Williams wrenches and twists poor the kid’s arm as Stanley grunts and gasps nicely from the pain. This inspires the over-stimulated audience to start bellowing: “Let’s go Ni-ick!”
My loyal reader actually sent me links to several Nick Stanley matches, so I could have my choice based on the color of his trunks. I could select white as also worn in today’s feature match (always a personal favorite of mine), or yellow (where his Heel opponent wears a butcher singlet which some loud-mouth fan refers to as a “Onesie”) or fire-engine red.
I always appreciate a wrestler who presents us with a variety of different colors and styles of gear. I picture the wrestler at home opening a treasure chest and sorting through piles of spandex beauties in every color of the rainbow until he finds just the right pair that will look good on his ass.
One mistake the Big Federations make is to brand each wrestler with one and only one look — such as Seth Rollins in his long black tights as if that is the only outfit he owns. Don’t get me wrong — I love Seth’s butch, kinky leather look — GRrrowrl!
However, variety is the spice of life and it would be more exciting if he would surprise us with something unique for each appearance as he did on the Indy scene. After all, Seth Rollins was once known as “Tyler Black” — and when he was Tyler Black he was known as “King of the Banana Hammock.” He wore gorgeous spandex in every color of the rainbow — red, orange, yellow, green, blue, indigo, and violet. Also black and white. I’m sure he still owns all those great little trunks and speedos, so it would cost nothing to let him start wearing them again! Anyway, another reason to dig Nick Stanley is that he is already working on his own rainbow of trunks.
Each attempt by Nick Stanley to gain a small advantage is thwarted by the clever Heel. For example, when Nick climbs the turnbuckles at 14:58 into the video, Williams shakes the ropes causing Nick to fall and rack his nuts on the top corner pad. Then Nick fights back and tries to Backslide the King, only to receive a kick to the belly and a DDT for his troubles.
And at 16:26 when our Good Guy in white bounces off the ropes to gain momentum for some fancy attack, the veteran meets him at the ropes and drives a big gut-busting knee to his mid-section, leaving poor Nick in the fetal position, kicking his boots and gasping “AHH! AHHH!”
But never count out a handsome young fan favorite. After all the punishment he absorbed, after hearing the fans chant “GO, Nick! GO!!” over 3,000 times, he finds the strength to roll up the wily veteran and defeat him with a basic Small Package. Horray! The power changed hands and our young hero proves to be the true “King” of the ring!

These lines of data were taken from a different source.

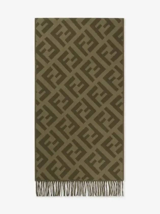 Fendi FF Motif Fringe Cashmere Scarf Green
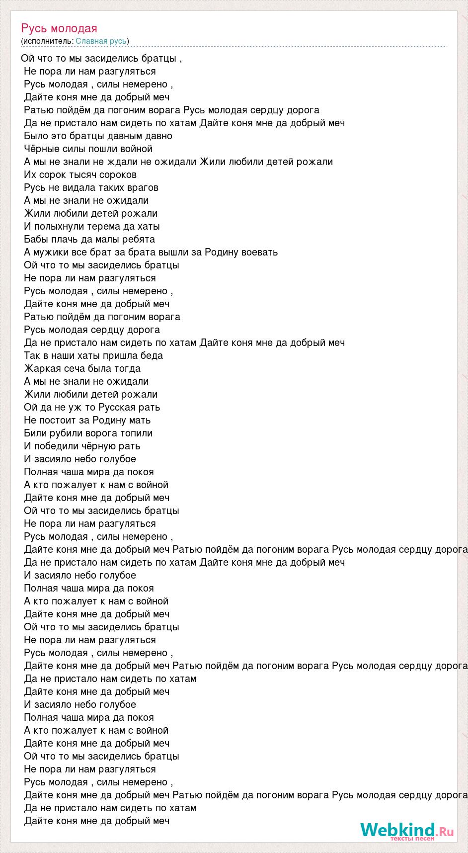 Ой что то мы засиделись братцы , Не пора ли нам разгуляться Русь молодая , силы немерено , Дайте коня мне да добрый меч Ратью пойдём да погоним ворага Русь молодая сердцу дорога Да не пристало нам сидеть по хатам Дайте коня мне да добрый меч Было это братцы давным давно Чёрные силы пошли войной А мы не знали не ждали не ожидали Жили любили детей рожали Их сорок тысяч сороков Русь не видала таких врагов А мы не знали не ожидали Жили любили детей рожали И полыхнули терема да хаты Бабы плачь да малы ребята А мужики все брат за брата вышли за Родину воевать Ой что то мы засиделись братцы Не пора ли нам разгуляться Русь молодая , силы немерено , Дайте коня мне да добрый меч Ратью пойдём да погоним ворага Русь молодая сердцу дорога Да не пристало нам сидеть по хатам Дайте коня мне да добрый меч Так в наши хаты пришла беда Жаркая сеча была тогда А мы не знали не ожидали Жили любили детей рожали Ой да не уж то Русская рать Не постоит за Родину мать Били рубили ворога топили И победили чёрную рать И засияло небо голубое Полная чаша мира да покоя А кто пожалует к нам с войной Дайте коня мне да добрый меч Ой что то мы засиделись братцы Не пора ли нам разгуляться Русь молодая , силы немерено , Дайте коня мне да добрый меч Ратью пойдём да погоним ворага Русь молодая сердцу дорога Да не пристало нам сидеть по хатам Дайте коня мне да добрый меч И засияло небо голубое Полная чаша мира да покоя А кто пожалует к нам с войной Дайте коня мне да добрый меч Ой что то мы засиделись братцы Не пора ли нам разгуляться Русь молодая , силы немерено , Дайте коня мне да добрый меч Ратью пойдём да погоним ворага Русь молодая сердцу дорога Да не пристало нам сидеть по хатам Дайте коня мне да добрый меч И засияло небо голубое Полная чаша мира да покоя А кто пожалует к нам с войной Дайте коня мне да добрый меч Ой что то мы засиделись братцы Не пора ли нам разгуляться Русь молодая , силы немерено , Дайте коня мне да добрый меч Ратью пойдём да погоним ворага Русь молодая сердцу дорога Да не пристало нам сидеть по хатам Дайте коня мне да добрый меч
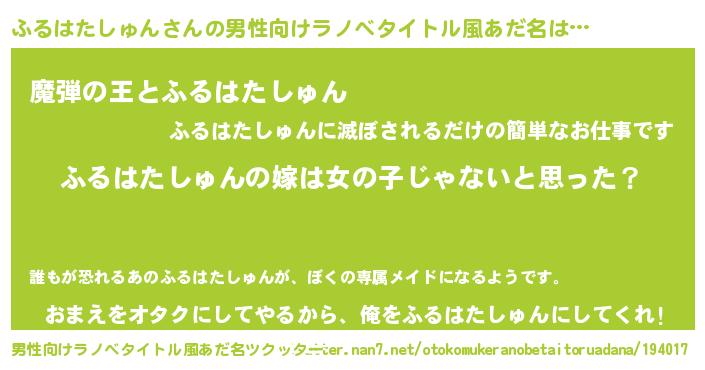 | 女子向けラノベタイトル風あだ名 | 『ふるはたしゅん様がみてる』 |
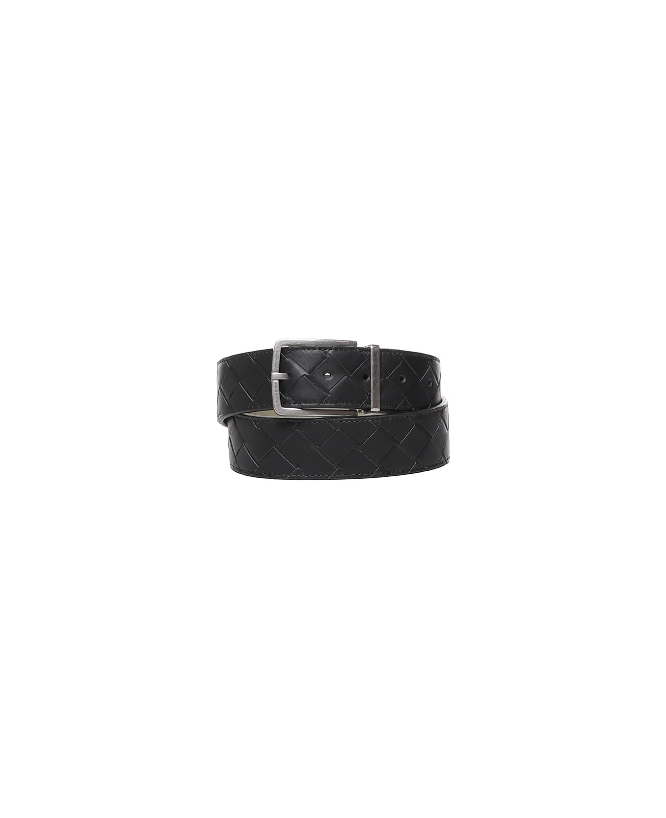 -Reversible leather belt with Intrecciato motif
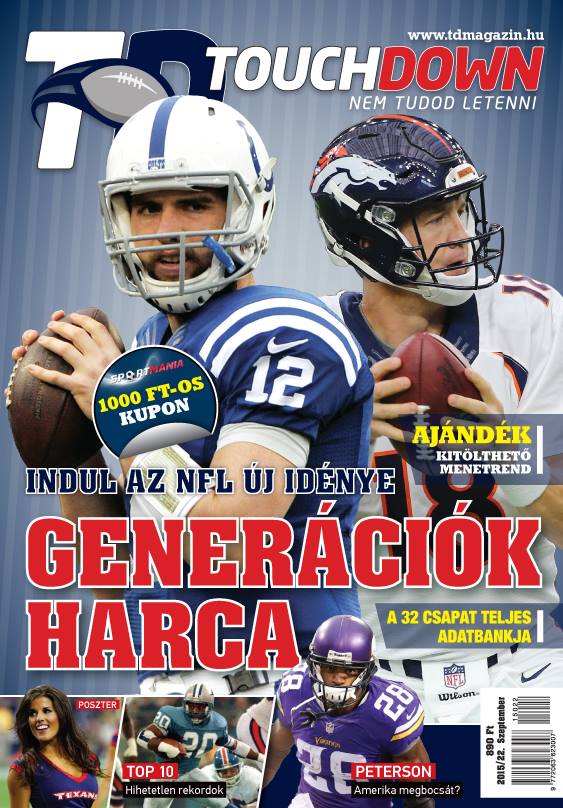 Az előfizetők már tegnap kézhezkaphatták, szeptember 11-től pedig az újságosoknál is kapható a 2015-ös idény első TD Magazinja! Szezonnyitó számunk részletes adatbankja a tökéletes forrás, ha szeretnéd megtudni, mik voltak a nyár legfontosabb történései, és melyik csapattól mire lehet számítani a következő 5 hónapban. Hosszú cikkben foglalkozunk Adrian Peterson visszatérésével, Chip Kelly holtszezonbeli zseniális húzásaival / ámokfutásával, valamint az NFL és a csalás viszonyával. Természetesen nem maradhatott ki az újságból a poszter melléklet, ajándékként pedig egy kitölthető szezonmenetrendet és egy 1000 Ft Sportmánia vásárlási kupont is 'elrejtettünk' a magazinban. Futás az újságárusokhoz, mert ezt a számot sem tudod majd letenni!
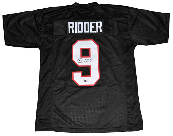 Desmond Ridder, quarterback for the Atlanta Falcons, has hand signed this black custom jersey at a private signing. Jersey is size XL and all letters/numbers are sewn-on. This item is authenticated by Beckett Authentication Services and was signed in the presence of one of their representatives. Their tamper-evident hologram featuring a QR code and serial number is on the item. The authenticity can be verified online by entering the serial number or scanning the QR code. Item pictured may not be the exact item you will receive. It will be similar quality, and we guarantee your satisfaction.
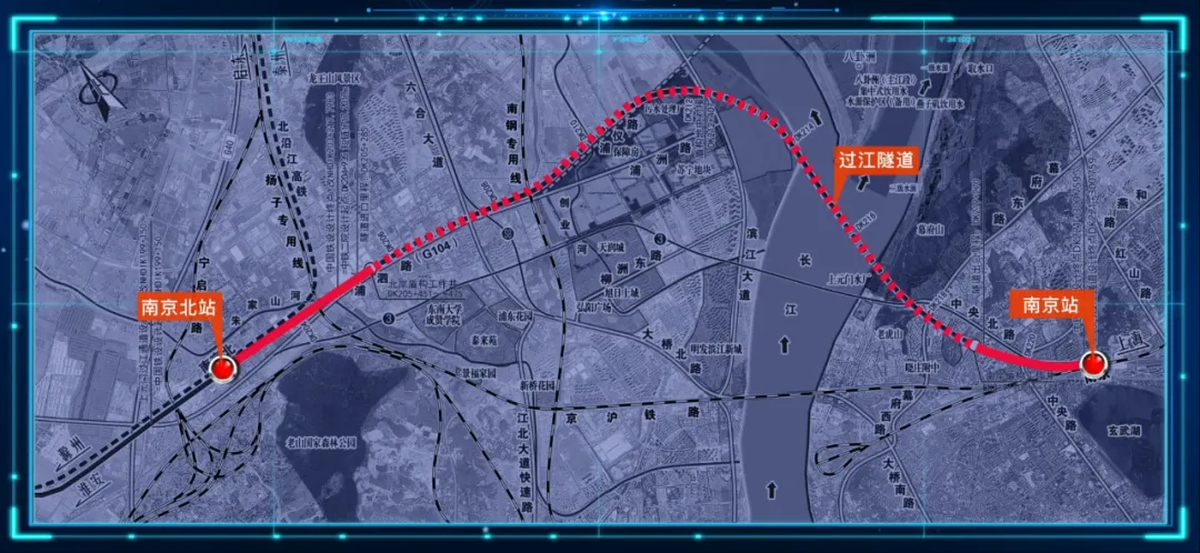 它北起南京北站,南接南京站,正线全长约20.4公里,采用单洞双线高速铁路隧道设计,是南京第一条高速铁路过江隧道。建成后,宁淮城际、沪渝蓉高铁等线路的列车,可以直接从江北钻过江底,开进南京站,并通过既有联络线接入南京南站。

Finally, like any good Baby-Face, Stanley again circles the ringside area thanking his fans for their love and support, offering them his exposed body to see, touch, or hug. This young man really has the look and attitude to be a popular Baby-Face hero in an Indy federation — or perhaps a really fun Squash Jobber in a Major Federation. Either way, we need to keep an eye on him (and who wouldn’t want to do that?!)